Modeling InSAR Phase and SAR Intensity Changes Induced by Soil Moisture

• Published in: IEEE transactions on geoscience and remote sensing Vol. 58; no. 7; pp. 4967 - 4975
• Main Authors: Eshqi Molan, Yusuf, Lu, Zhong
• Format: Journal Article
• Language: English
• Published: New York IEEE 01.07.2020; The Institute of Electrical and Electronics Engineers, Inc. (IEEE)

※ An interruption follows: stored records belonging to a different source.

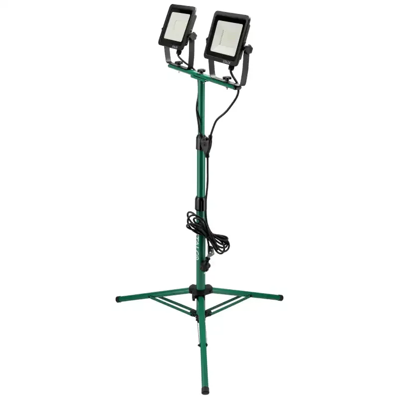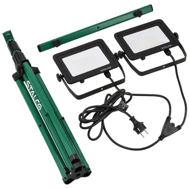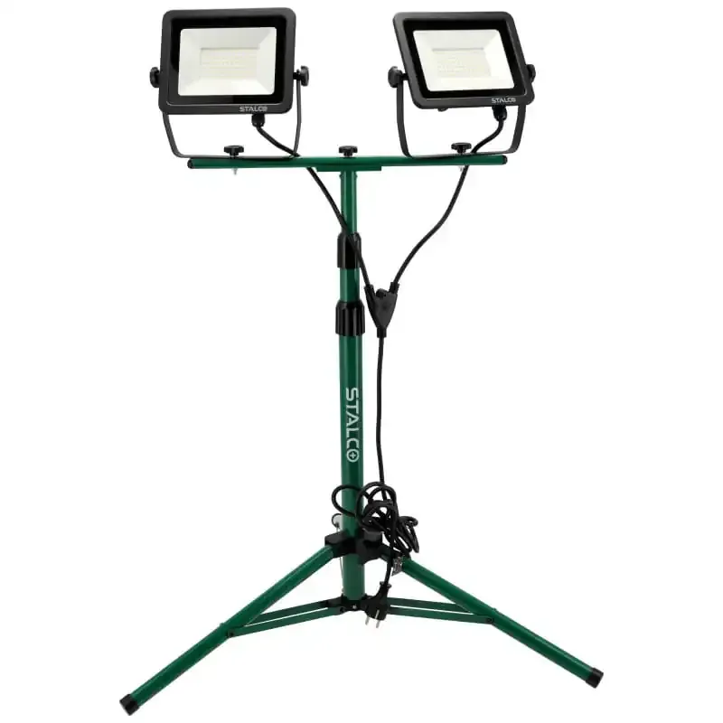 Reflektor Budowlany Stalco 2x50W FL o łącznej mocy 100W, strumieniu świetlnym 9000 lm i stopniu ochrony IP65. Wyposażony w regulowany statyw (60–180 cm), kąt świecenia 120° i żywotność diod LED wynoszącą 30 000 godzin. Idealny do zastosowań budowlanych i domowych.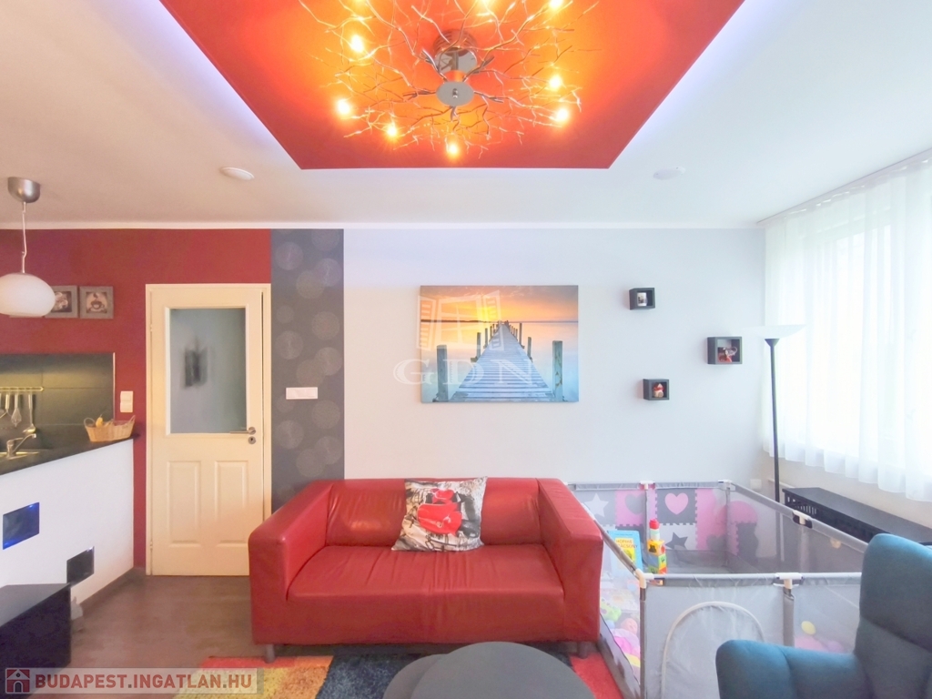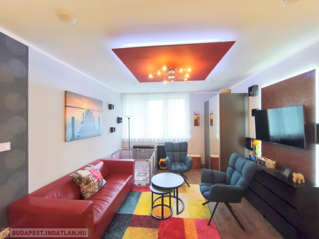 A lakás teljes egészében álmennyezet található beépített hangszórókkal és igényes, rejtett LED világításokkal, amelyek modern és hangulatos megjelenést adnak az otthonnak.
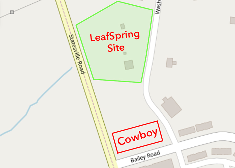 The 4.1 acre property is just north of Cowboy Restaurant on Statesville Road/Highway 21 in Cornelius. The proposed development would have access on both Statesville Road and Washam Potts.
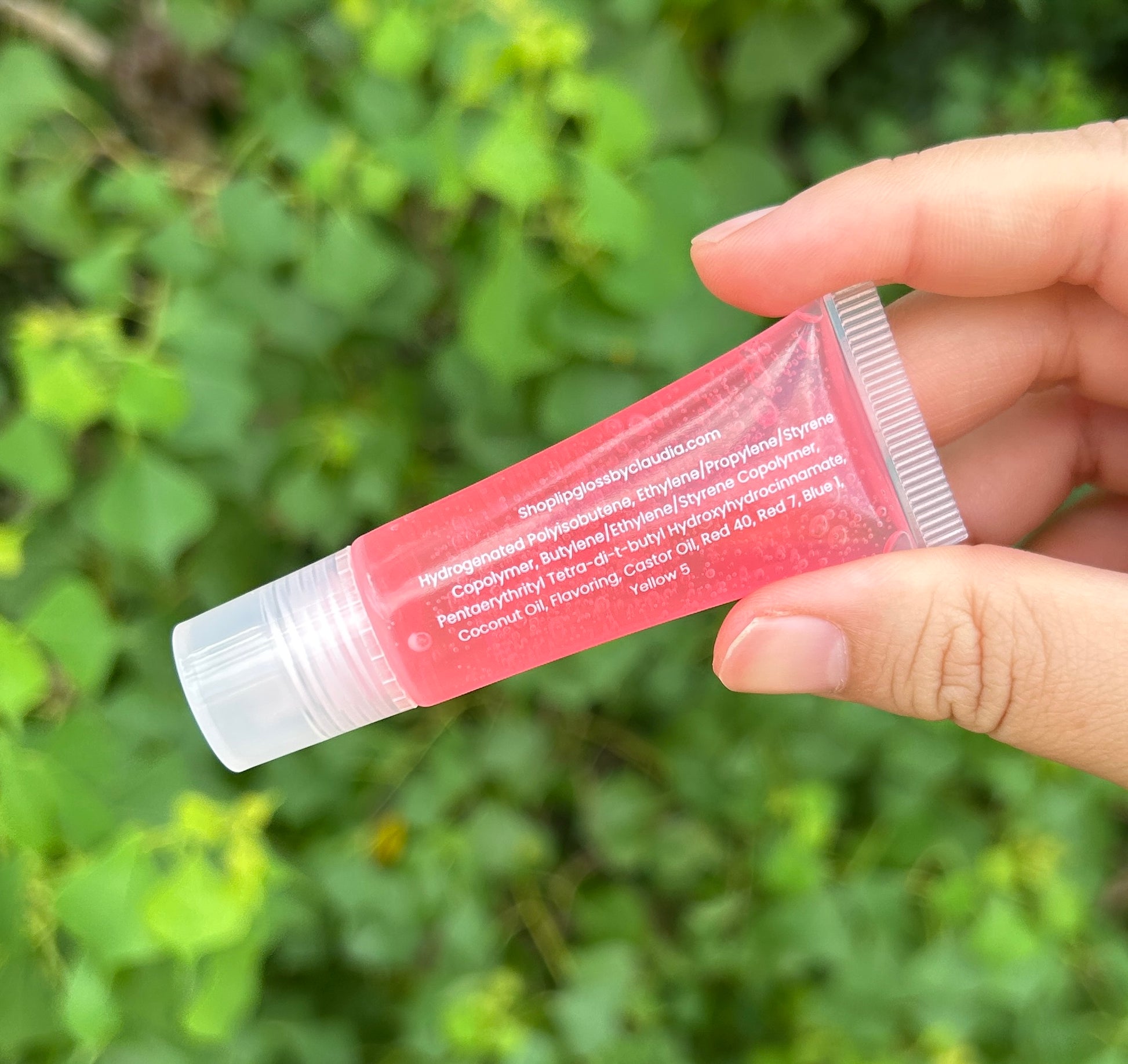 a gorgeous, reddish pink strawberry flavored lip gloss!
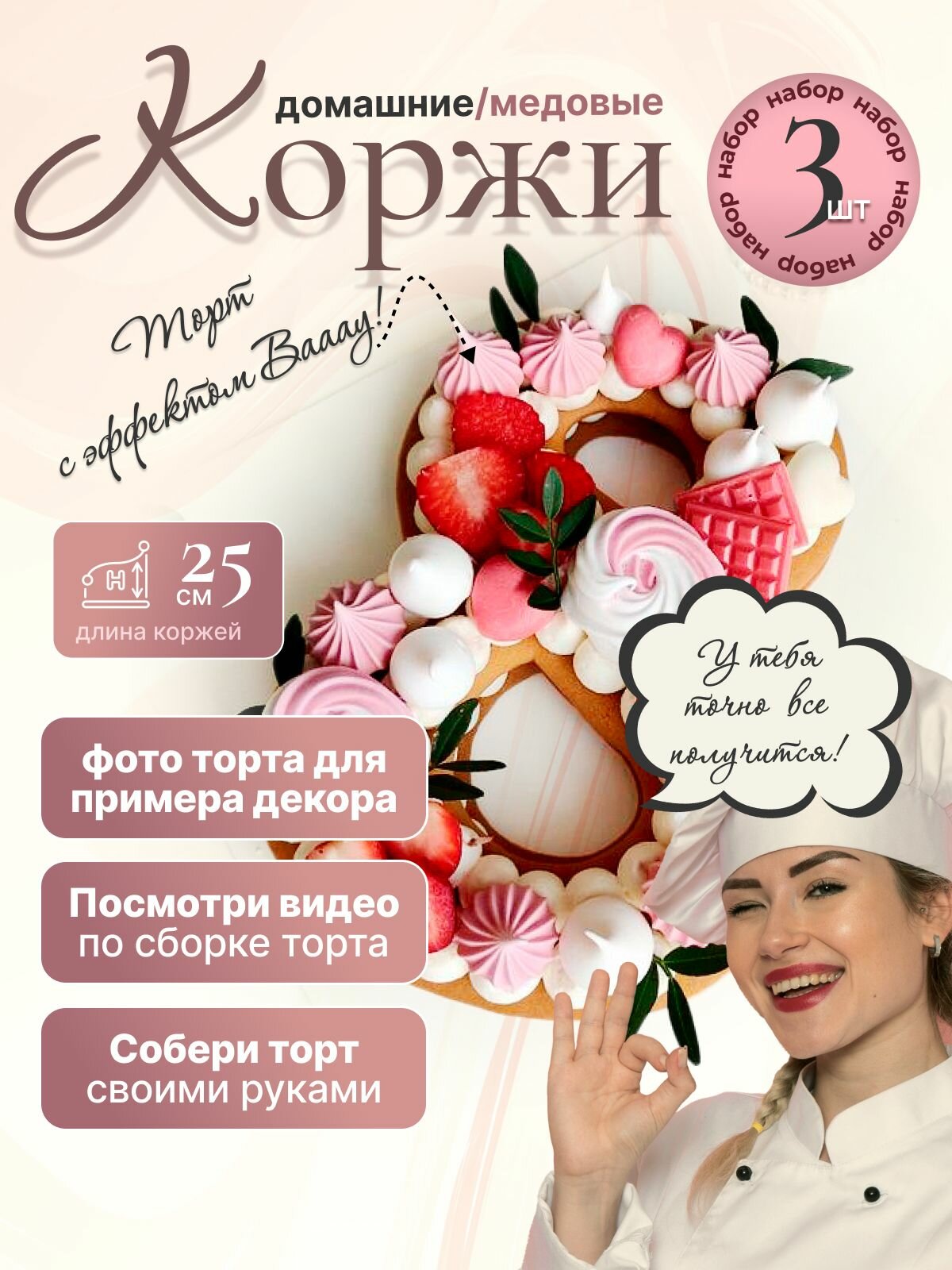 Медовый корж для торта "Цифра 3" красивый, открытый с эффектом ВАУ!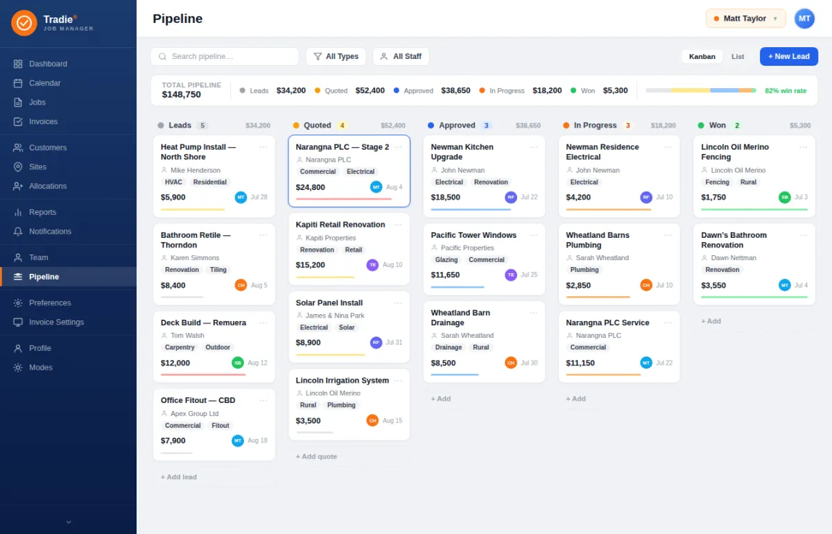 The platform connects the entire workflow — from enquiry and quoting to scheduling, invoicing, and job completion — in one seamless process. Once a quote is approved, it converts directly into a live job, eliminating double handling. With everything tracked in one system, tradies gain clearer communication, faster approvals, and smoother project delivery.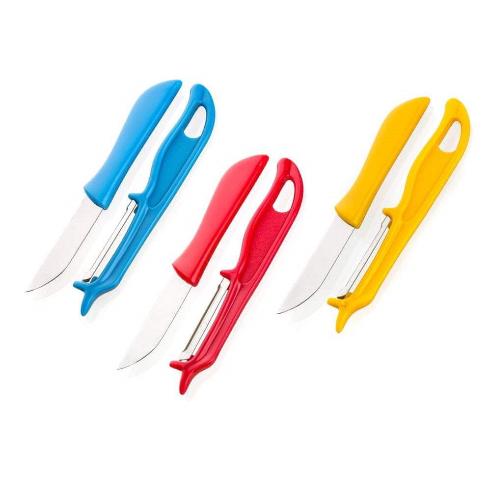 Komplet za rezanje APETIT, sestavljen iz noža dolžine 15 cm in strgala dolžine 13,5 cm. Nož in strgalo sta izdelana iz nerjavečega jekla, ročaj pa iz trpežne plastike.Strgalo je primerno za desničarje in levičarje. Na voljo v rdeči, rumeni in modri barvi. Celoten opis
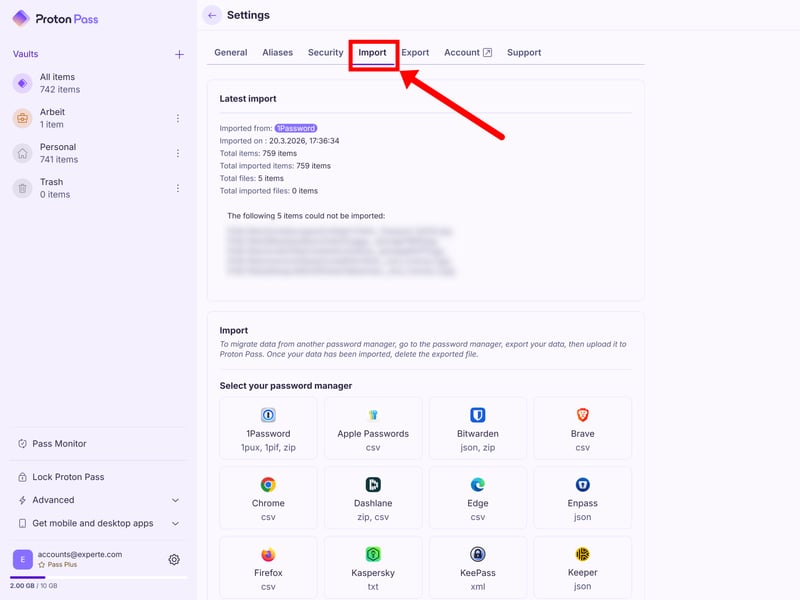 We tested this with an export from 1Password, and the import worked without any issues. Out of 700 entries, most were transferred correctly and were ready to use right away.
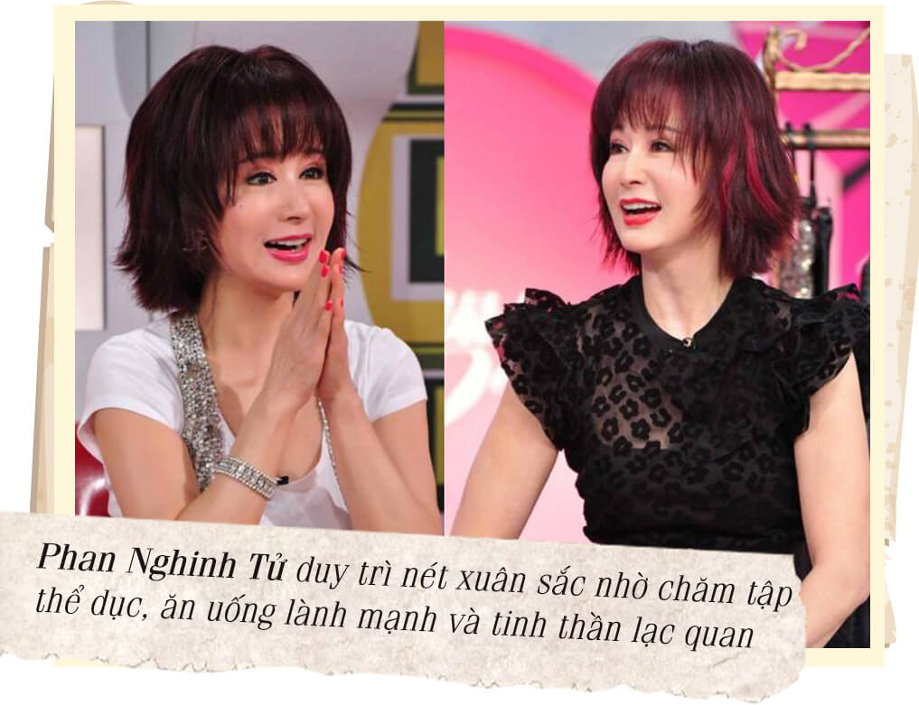 Bí quyết duy trì nét xuân sắc của Phan Nghinh Tử là nhờ chăm tập thể dục, thói quen ăn uống lành mạnh và tinh thần lạc quan. “Tôi rất chăm tập thể dục. Tôi chạy bộ bằng máy tập ít nhất 20 phút mỗi ngày. Tôi cũng uống nhiều nước lọc, ăn nhiều rau và các loại hoa quả tươi. Tôi luôn giữ thái độ lạc quan. Dù cuộc đời có nhiều thăng trầm nhưng miễn là ta giữ được trái tim trẻ trung thì sẽ luôn tươi trẻ”, Phan Nghinh Tử cho hay.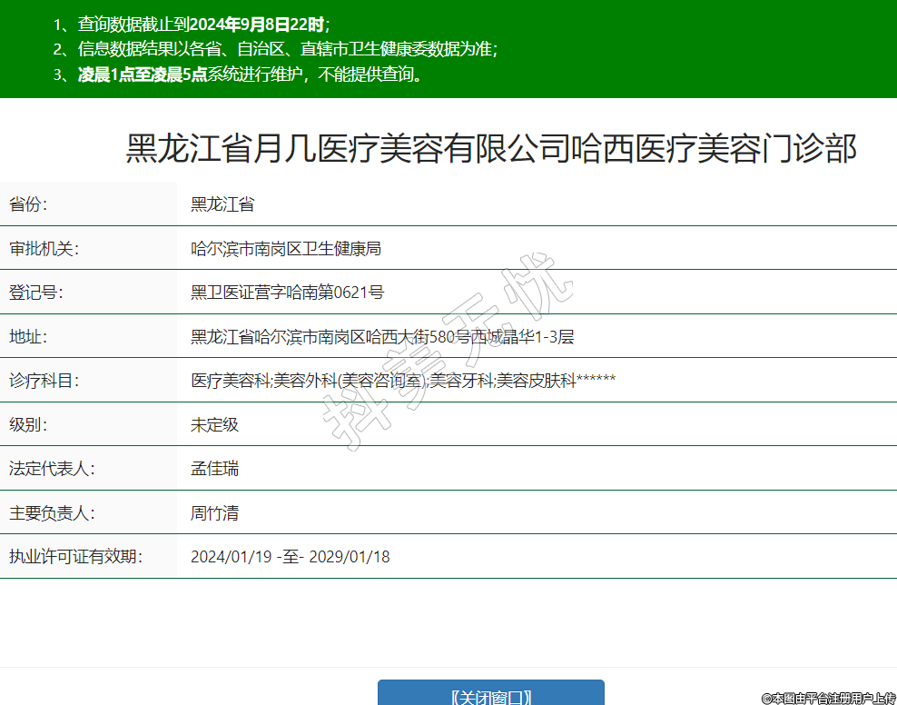 黑龍江省月幾醫(yī)療美容有限公司哈西醫(yī)療美容門診部
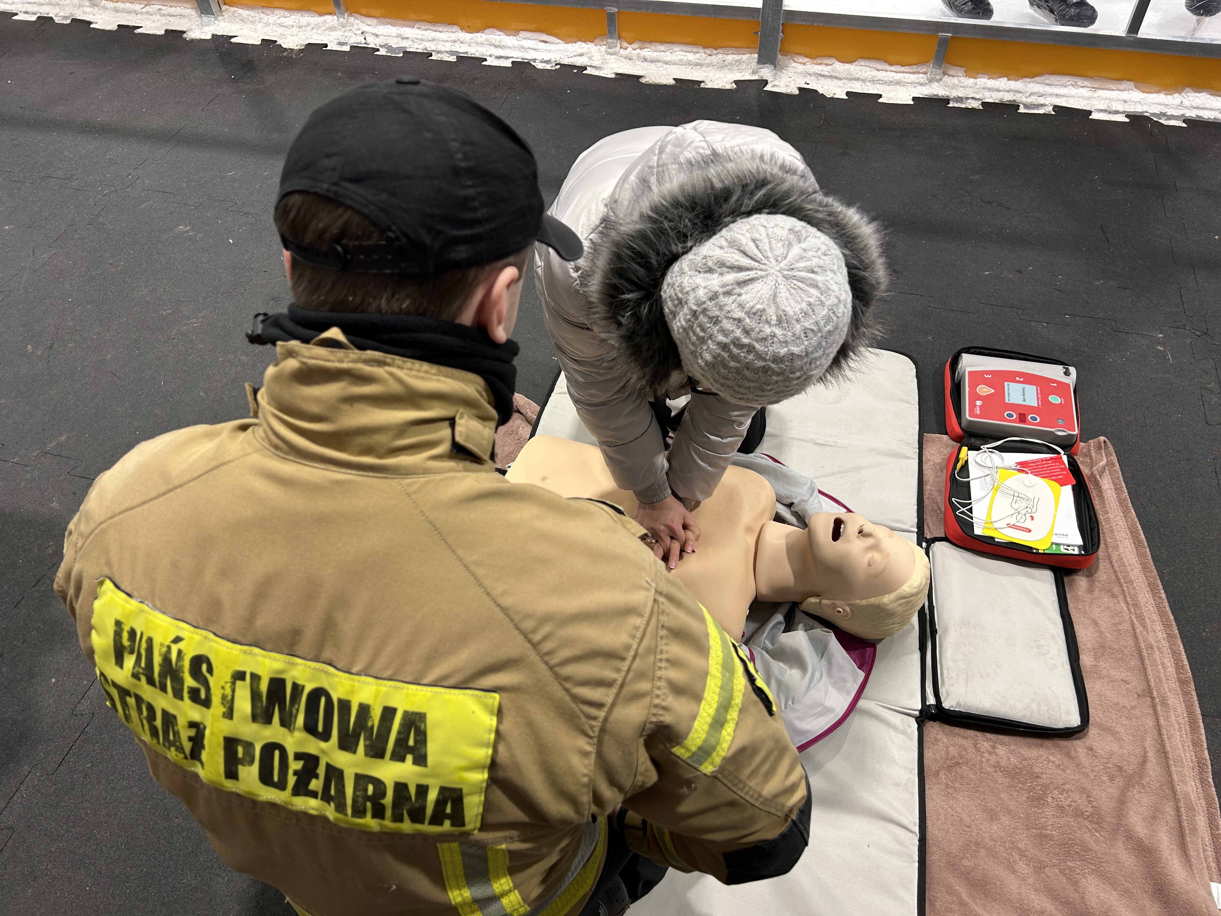 8 lutego 2025 r. na olkuskim lodowisku w Miejskim Ośrodku Sportu Rekreacji „Czarna Góra”, strażacy Komendy Powiatowej PSP w Olkuszu wraz z policjantami Komendy Powiatowej Policji w Olkuszu zorganizowali spotkanie z dziećmi i młodzieżą, mające na celu przybliżenie zasad bezpieczeństwa podczas zimowych zabaw. W ramach akcji „Kręci mnie bezpieczeństwo na stoku” funkcjonariusze przybliżyli zainteresowanym zasady bezpiecznego zachowania podczas wszelkiego rodzaju aktywności sportowej na śniegu, lodowisku oraz w ruchu drogowym. Dodatkową atrakcją była możliwość przeprowadzenia resuscytacji krążeniowo oddechowej u osoby poszkodowanej. Wiele osób, także dorosłych, miało możliwość pierwszy raz w życiu przeprowadzić RKO na profesjonalnym fantomie. Podczas pogadanek zwiększyliśmy świadomość uczestników spotkania, na tematy pierwszej pomocy oraz ogólnie pojętego bezpieczeństwa, tak podczas zabawy jak i codziennego życia. Strażacy z policjantami kolejny raz współdziałali w ramach szeroko rozumianej prewencji społecznej, przekazując niezbędną wiedzę najmłodszym oraz dorosłym mieszkańcom powiatu olkuskiego.

• Subjects: Atmospheric modeling; Interferometric synthetic aperture radar; Interferometric synthetic aperture radar (InSAR) phase; Interferometry; Mathematical model; modeling; Modelling; Phase changes; Radar; SAR (radar); Scattering; Soil; Soil moisture; Soil structure; Soils; Solid modeling; Synthetic aperture radar; synthetic aperture radar (SAR) intensity
• ISSN: 0196-2892; 1558-0644
• DOI: 10.1109/TGRS.2020.2970841

A broad range of studies have been conducted so far to quantify the effect of soil moisture on synthetic aperture radar (SAR) intensity and interferometric synthetic aperture radar (InSAR) phase. The introduced models are either intensity or interferometric models, and there is no single scattering model that can estimate both intensity and phase changes, indicating the subject is poorly understood. Here, we quantify the influence of soil moisture on InSAR phase and SAR intensity by employing a volume scattering model. We model soil as a collection of randomly distributed independent point scatterers embedded in a homogeneous background. Our volume scattering model successfully estimates SAR intensity and InSAR phase changes due to soil moisture changes. In addition to soil moisture changes, the model also takes into account the scatterers' size and their volumetric fraction. This may open a new window in the study of soil structure using SAR images and InSAR methods. Our results indicate that the structure of soil manipulates the way soil moisture alters the SAR intensity and InSAR phase. The model has been evaluated against field soil moisture measurements and shown to be successful in modeling InSAR phase and SAR intensity.